Grieving families will be plunged into months of bureaucratic turmoil under Rachel Reeves’ plans to tax inherited pensions – with an estimated 27,000 households a year facing the added burden at one of the most difficult moments in life.
In a move branded “heartless” by critics, the Chancellor has confirmed that from April 2027, money left in pensions will be treated as part of someone’s estate for inheritance tax purposes – even if it was never touched during retirement.
Former pensions minister Steve Webb warned the changes would “pile misery” onto bereaved families, many of whom are already struggling with the emotional and financial strain of a loved one’s death.
“It is simple for a chancellor to say that pensions should not be used as an inheritance tax loophole, to close the loophole, bank the proceeds and move on,” he told The Times.
“But for tens of thousands of grieving families every year, they will not be able to move on. They will instead be faced with many months of additional bureaucracy that will make the process of bereavement all the more painful to endure.”
Until now, untouched pensions have typically fallen outside the scope of inheritance tax (IHT), allowing families to pass on any leftover pot without penalty. But the Treasury claims this has turned pensions into a “vehicle for tax avoidance”, prompting the policy reversal.
The result is a nightmare of red tape. Under new rules published this week by HMRC, executors will be forced to track down every pension firm connected to the deceased, obtain valuations, identify beneficiaries and calculate inheritance tax due – before probate can even begin.
Even then, delays are likely to drag on for months – especially where pension trustees have discretion over who should receive the funds. Beneficiaries may receive nothing until those internal decisions are made.
To make matters worse, the pension firms themselves are off the hook. While many had expressed concern over the risk of being fined for not paying tax on time, HMRC has now shifted the responsibility squarely onto families.

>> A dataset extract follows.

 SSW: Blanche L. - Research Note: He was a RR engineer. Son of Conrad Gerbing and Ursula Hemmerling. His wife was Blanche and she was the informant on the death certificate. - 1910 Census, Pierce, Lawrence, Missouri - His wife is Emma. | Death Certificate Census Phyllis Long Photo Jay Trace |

“The whole process of winding up financial affairs could still be going on a year or more after someone’s death,” Sir Steve warned.

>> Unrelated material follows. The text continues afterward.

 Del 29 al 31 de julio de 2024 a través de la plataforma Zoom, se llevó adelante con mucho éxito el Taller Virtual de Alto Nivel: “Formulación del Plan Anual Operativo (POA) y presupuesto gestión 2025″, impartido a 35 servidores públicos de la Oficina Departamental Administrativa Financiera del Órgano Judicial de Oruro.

In the meantime, those inheriting pensions face a double tax whammy: not only must they pay income tax on any withdrawals — as now – they may also have to pay inheritance tax on the same money, and then apply for a refund on the income tax already paid.
The government insists most estates will not be affected because they fall below the IHT threshold, and spouses inheriting pensions are generally exempt. But this offers little comfort to others who will be caught in the net.
According to LCP estimates, about 27,000 families a year could be dragged into the new system – many with no idea what lies ahead.
The Chancellor has argued the move is about fairness and plugging tax loopholes – but for those facing the death of a loved one, the real price will be months of paperwork, stress and financial uncertainty.
As Steve Webb put it: “Coping with the loss of a loved one is hard enough, without the stress of sorting out their financial affairs. But government changes are about to make the whole process a lot more painful.”